While delivering Google’s first quarterly income report on Thursday, the company’s CEO said that Google is transitioning — the search-engine giant will become an A.I.-first company.

Google founding principle.

One of Google’s founding principles.
Image credits Tangi Bertin / Flickr.

The measure of the sheer success Google has achieved is that they’re no longer just the guys who do your searching for you — it has become the de facto verb for it. While that isn’t likely to change anytime soon, the company is switching its focus away from search engines to put A.I. development on the forefront.

“We continue to set the pace in machine learning and A.I. research,” said Google CEO Sundar Pichai said in a call [embedded at the end of the article] to investors on Thursday to report the company’s Q1 2017 earnings.

“We’re transitioning to an A.I.-first company.”

So what does this mean for Google, and what does it mean for you? Well, in short, Google wants to become the first totally personalized corporation, tailoring their service to each individual. We’ll probably see machine learning embedded at the core of most of Google’s systems and platforms — such as Google’s Assistant service being merged with Android and Chrome OSs. The goal will be to use machine learning to tailor the devices to each user, timing apps and notifications after their usual schedule or location, personal interests, or other characteristics such as typing habits.

Last year, Pichai said that the ultimate goal of Assistant is that if you ask for a pizza, it will bring you that pizza without any further input or oversight required. The company also has to figure out how to keep increasing the number and sophistication of its machine learning algorithms without increasing energy or mobile data use — which would cripple current devices.

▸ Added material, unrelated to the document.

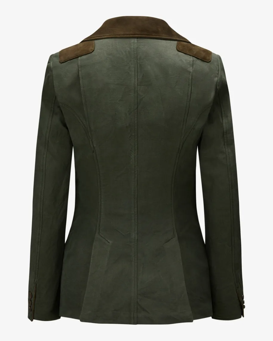 Hazel Trachtenblazer für Damen von Meindl in Safari Green. Das Modell ausBaumwoll-Leinen-Mix überzeugt dank klassischer Details in traditionellerAufmachung, während die Leder-Details und Ziernähte das Gesamtbild gekonntabrunden.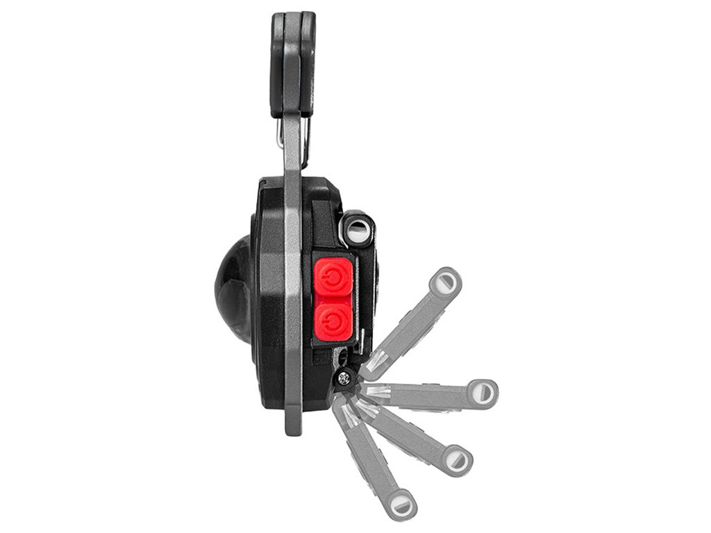 Funkce: světlo, zapalovač, otvírák na lahve, karabina, magnet, píšťalka, nůž, křížový a plochý šroubovák

Pichai said they would increasingly rely on Google’s recently unveiled “federated learning” technology. It should allow A.I. to run more efficiently on the limited resources a mobile device can marshal, for example, allowing for a wider range of applications while saving up on battery and bandwidth.

What about Search

Although Google is looking to focus on A.I., search currently remains its single most profitable platform. But even though they’re shifting focus away from search, Google thinks A.I. would only make its results more relevant and its ads more profitable. It would let them find patterns of search and favorite results more easily, and eventually even predict them. It would let Google not only give you what you ask for but predict what you’ll ask for, even change what you want — if that’s a good thing or not, I guess it’s a question we all have to answer for ourselves.

Still, this answers why Google is moving away from search as its main focus — there’s a lot of profit to be made with machine learning, especially through analysis of search behavior. Everything done online with even a minute involvement of a Google platform will become quantifiable, and monetizable. Until now, they’ve relied on a sort of passive data acquisition with you coming to them, via search, and feeding the data yourself. A.I. will take up the busywork of actively gathering the data.

And the sort of things they can do with this data is amazing. Think about driving home and being prompted with what parking spaces are open near your house in Google Maps. Food shops that cater your absolute favorite kinds of foods in whatever town you happen to be in, or all over the globe on Earth.

But with so much data on their hands, the risk of Google derailing from their founding principle of “Don’t be evil” becomes a lot harder to maintain — and a lot scarier if broken.